INFORMATION PROVIDED:
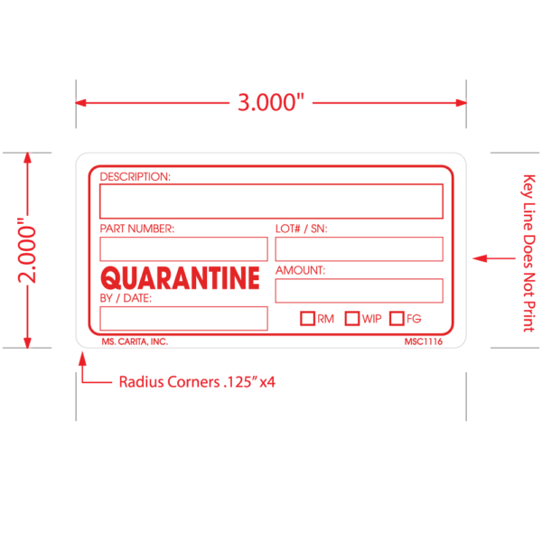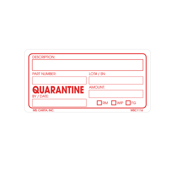 Red and White QUARANTINE pressure sensitive label printed on a bright white 52# ultra-smooth coated paper with a general purpose permanent adhesive. Identifies various stages of the production, manufacturing and testing processes.
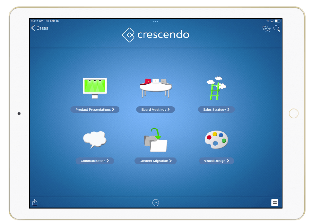 Crescendo tops as a trade show or conference presentation app because users can access content in the cloud storage that your company already use. Simply tag relevant folders and files, and Crescendo will pull them to the device. That way, your content will never require any additional management or migration efforts.
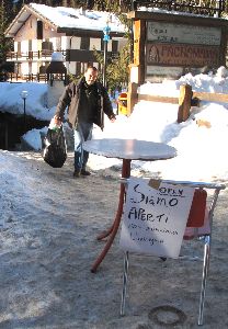 兎に角暖かい!まだまだ滑り足りないチームと途中で分かれて、この日もDu Gazeboに行ったよ〜ん♪何たってのどが渇いた。ビールビール〜♪
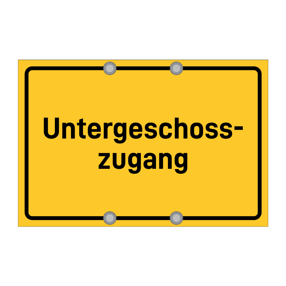 Hinweisschild mit dem Text Untergeschoss- zugang
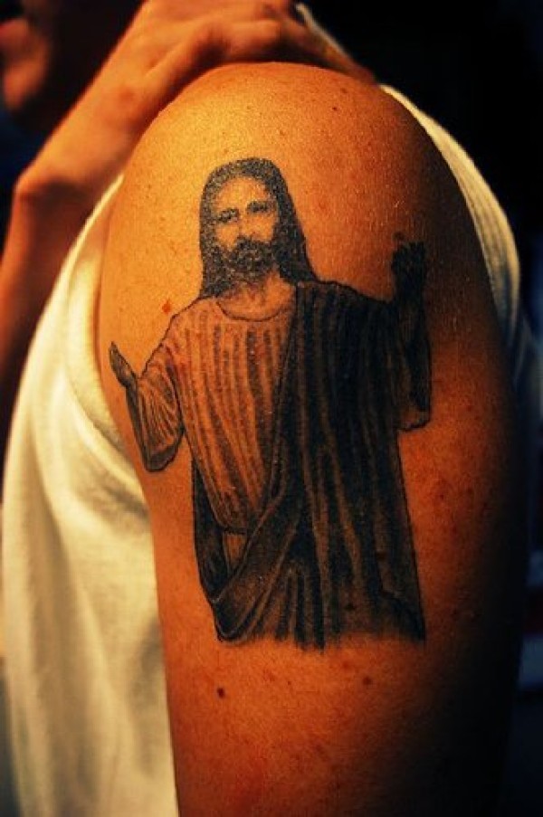 肩部黑色耶稣戴斗篷纹身图案

PROBLEM STATEMENT: Skip all pictures. Then give again, exactly, each line from the line holding "Hinweisschild mit dem" through the last line of the listing above, both ends included.

OUTPUT FOR THIS EXERCISE:
 Hinweisschild mit dem Text Untergeschoss- zugang
 肩部黑色耶稣戴斗篷纹身图案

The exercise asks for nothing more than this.